The pro forma adjustments are based upon available information, preliminary estimates and certain assumptions that Allscripts believes are reasonable and are described in the accompanying notes to the unaudited pro forma condensed combined financial statements. The unaudited pro forma condensed combined financial statements do not take into account (i) any synergies or cost savings that may or are expected to occur as a result of the A4 Acquisition or (ii) any cash or non-cash charges that Allscripts may incur in connection with the A4 Acquisition, the level and timing of which cannot yet be determined.
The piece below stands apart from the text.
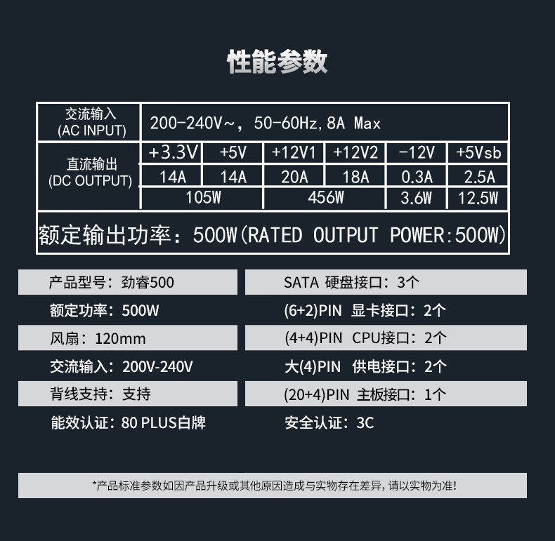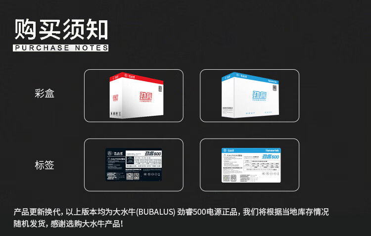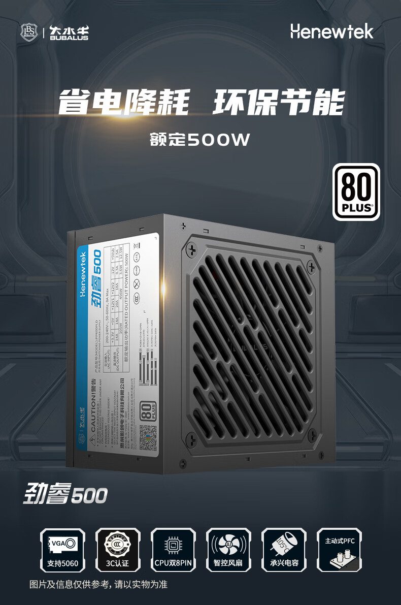 大水牛(BUBALUS)额定500W 劲睿500台式电脑主机电源(80PLUS白牌认证/主动式PFC/12CM温控风扇/支持背线/宽幅)

The unaudited pro forma condensed combined financial statements have been prepared in accordance with SEC rules and regulations.

 

The unaudited pro forma condensed combined financial statements assume that the A4 Acquisition would be accounted for using the purchase method of accounting in accordance with the Financial Accounting Standards Board, or FASB, Statement No. 141, “Business Combinations,” or SFAS No. 141, and the resultant goodwill and other intangible assets will be accounted for under FASB Statement No. 142, “Goodwill and Other Intangible Assets,” or SFAS No. 142. The total purchase price has been preliminarily allocated based on information available to Allscripts as of the date of this report, to the tangible and intangible assets acquired and liabilities assumed based on management’s preliminary estimates of their current fair values. These estimates and assumptions of fair values of assets acquired and liabilities assumed and related operating results are subject to change that could result in material differences between the actual amounts and those reported in the unaudited pro forma condensed combined financial statements.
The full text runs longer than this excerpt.